Be that as it may, music was apparently integral to the Jesuits’
evangelizing, and Zipoli’s music successfully hustled the faithful into
their flocks. Unfortunately, precious little survives of his later works,
whereas this solo harpsichord collection is from the year before he left
Europe. John Walsh, Handel’s publisher, released an edition in England a few
years after their composition, suggesting attention from very worthy
contemporaries.
This collection is divided into four Canzonas, or suites of movements, and
two Partitas. All are rich in musical ideas, often brimming with charm and
felicity. A certain breeziness in Sergio Vartolo’s playing of the rapid
movements infuses them with a seeming spontaneity and expansiveness. His
phrasing in the less energetic passages is often carefully nuanced to bring
out their delicacy. Intriguingly long melodic elaborations are frequent;
among other pieces, this disc’s lengthy closing Partita is particularly
seductive. Alberto Ginastera composed an arrangement for organ of a Zipoli
Toccata (on
Naxos) decades ago, but my guess is that some day these
inventive suites may be chosen for performance by pianists, or perhaps
certain movements will be heard as encores.

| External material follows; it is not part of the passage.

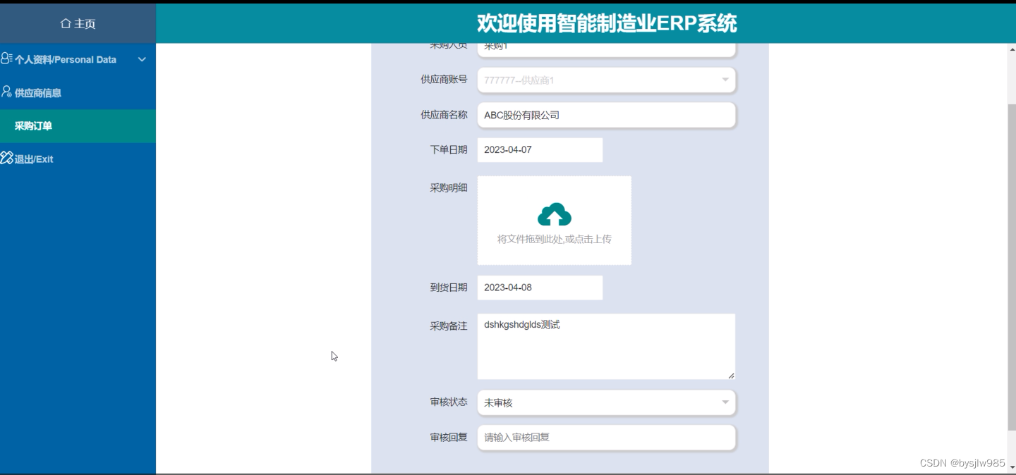 供应商用户通过号、密码、滑动图片验证进行登录智能制造业ERP系统主界面,登录后可查看主页、个人资料、供应商信息、采购订单等内容,供应商用户可进行相对应操作,如图5-21所示。

This will appeal to anyone with an ear for the period, or who craves
well-elaborated music out of the mainstream. These works belong to a time
when the language of sonatas, sinfonias, and canzonas was in flux, and when
keyboards were in the early days of being explored for their possibilities
as solo instruments. Even so, Zipoli’s work reveals occasional flashes of
flamboyance.
The booklet to this collection reproduces the frontispiece for the
original edition. This is housed in Bologna’s Museo della Musica alongside
“thousands of other treasures.” What music as fine as Zipoli’s, one wonders,
remains to be unearthed by Bologna’s enterprising Tactus label?